Thank you for @michael.shaffer developing the q2-SCNIC package. I did not know this plugin before and I am planning to run run SparCC in python.
I recently read some article, they use the SparCC method to explore the relationship between environmental factors and microbial community.
Please refer the material and method in the following paper:
I came to have several questions:
Based on the q2-SCNIC tutorial, the input file is OTU table. I saw that SCNIC can run the between table correlations in the github page (but not implemented to using sparcc method currently??). But I am wondering then how can I run the correlations between environmental factor and microbial community. Can you please give me some suggestions. What kind of data file I need to prepare?
If the correlations between OTU table and environmental factor is not available in q2-SCNIC currently. Can I run this kind of correlations in the in the original sparcc package. I want to find some example but cannot find it in their page:
(Can I added more columns to the OTU table to include the environmental factors. And use the new OTU table (include OTU and environmental factor) to run SparCC. So the final output should include the all the correlations not just the correlations between OTU and environmental variables. Is this make sense to you if I want to follow the paper did which I refer above? )
I also saw some people using SPIEC-EASI method to do network analysis. I am trying to figure what are the differences between SparCC and SPIEC-EASI . I am still confused about this two method. If I want to examine the correlations between microbial community and environmental factors, which approach do you suggest? Can you please give me some advice?
Thank you so much for your help!
I would suggest you explore the information here regarding network analysis tools that are commonly used by researchers. CoNet is an excellent tool in Cytoscape that can help you to study the association between environmental factor and taxa abundance.
Thank you for sharing the information. I have known CoNet before and it is definitely a great tool. But the algorithm (e.g., spearman, pearson) in CoNet can introduce bias for the compositional data.
Another reason I want to use q2-SCNIC is that this plugin provide ecological module (cluster) analysis, which make the data more easier to interpret.
Still waiting for @michael.shaffer 's reply. Hope he can give some more suggestions.
You are right, q2-SCNIC performs better on ASVs/OTUs because it can address the data compositionality issue. However, I am not sure if one can look into the negative correlations between the nodes using q2-SCNIC. Just wanted to let you know, pl. do ignore if you already are aware of it, that there are two apps for finding clusters/modules within a network: CytoCluster and MCODE. These two apps are available for installation at the Cytoscape store.
Also, I am wondering if anyone has tried the “Between” functionality in SCNIC package for findings association between environmental factors and communities. @michael.shaffer would be the right person to give feedback on this.
I did not know the q2-SCNIC cannot handle negative correlations. Thank you for let me know. For this, I have one questions. Do you know under what condition we need to consider negative correlations. I have read several paper, which only consider positive correlations. Do you think the following sentence, which from a paper make sense to you?
I also did not know Cytosape has apps to find the modules and clusters. I am still preparing the environmental factors for my samples. I will definitely try all the methods and compare the results.

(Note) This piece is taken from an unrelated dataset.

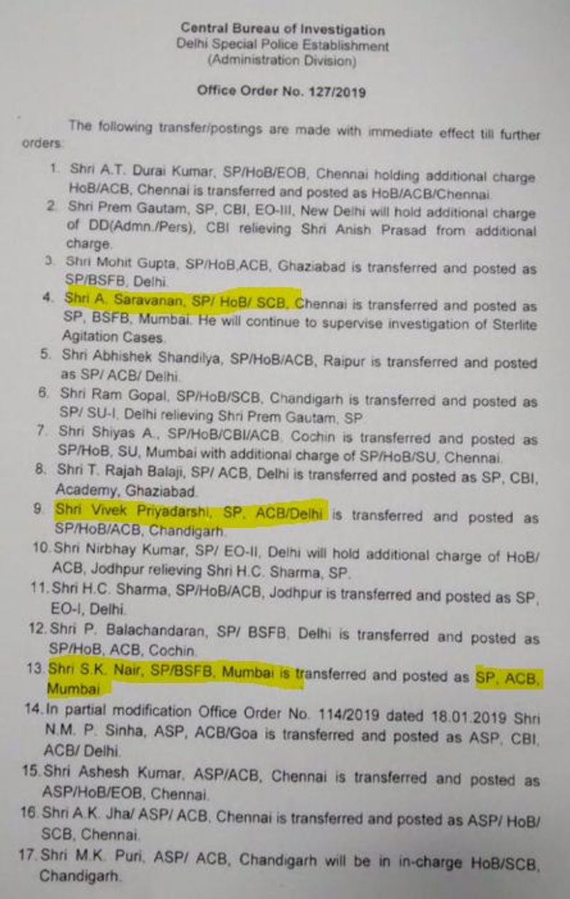 പുതിയ സിബിഐ ഡയറക്ടറെ തെരഞ്ഞെടുക്കാനുള്ള യോഗം വ്യാഴാഴ്ചയാണ്. അതിന് മുമ്പാണ് 20 ഉദ്യോഗസ്ഥരെ സ്ഥലം മാറ്റി ഇടക്കാല ഡയറക്ടർ എം നാഗേശ്വരറാവു ഉത്തരവിട്ടത്.

Well, I am not sure what the authors precisely meant by the sentence (yellow) in their article. However, negative correlations/mutual exclusion generally indicate competition, amensalism, alternative niche preference, etc. I would like to draw your attention to a recent article which nicely summarized the pitfalls of different correlation metrics. I picked some important points from this article for you:
“While we highlight the use of SparCC, it is worth noting that there are several other valid choices for network inference that can mitigate the issue of compositionality.”
“Both classical correlation methods and more contemporary approaches like SparCC are susceptible to indirect associations.”
“Whether inferring interspecies associations or species associations with environmental properties, indirect effects should be considered and accounted for to avoid reporting spurious, noninformative relationships.”
Good luck with your network analysis!
Thank you so much for your explanation and sharing me with the newest article. The paper well explain the potential biased results might caused by different methods. I have understand them better now.
I have one more question want to ask. I did contact the author of the paper I mentioned in my previous post who used SparCC for OTU and environmental factor correlation analysis. The author told me that they simply combine OTU and environmental factor as an input for the SparCC analysis and get the correlation. However, as I understood, SparCC is designed for the correlation within microbial taxa and the example provided in the SparCC website is only used OTU as an input. How do you think they combine OTU and environmental factor as an input for SparCC analysis. Do you think this approach make sense.
Thank you for your help!! I am looking forward to your reply.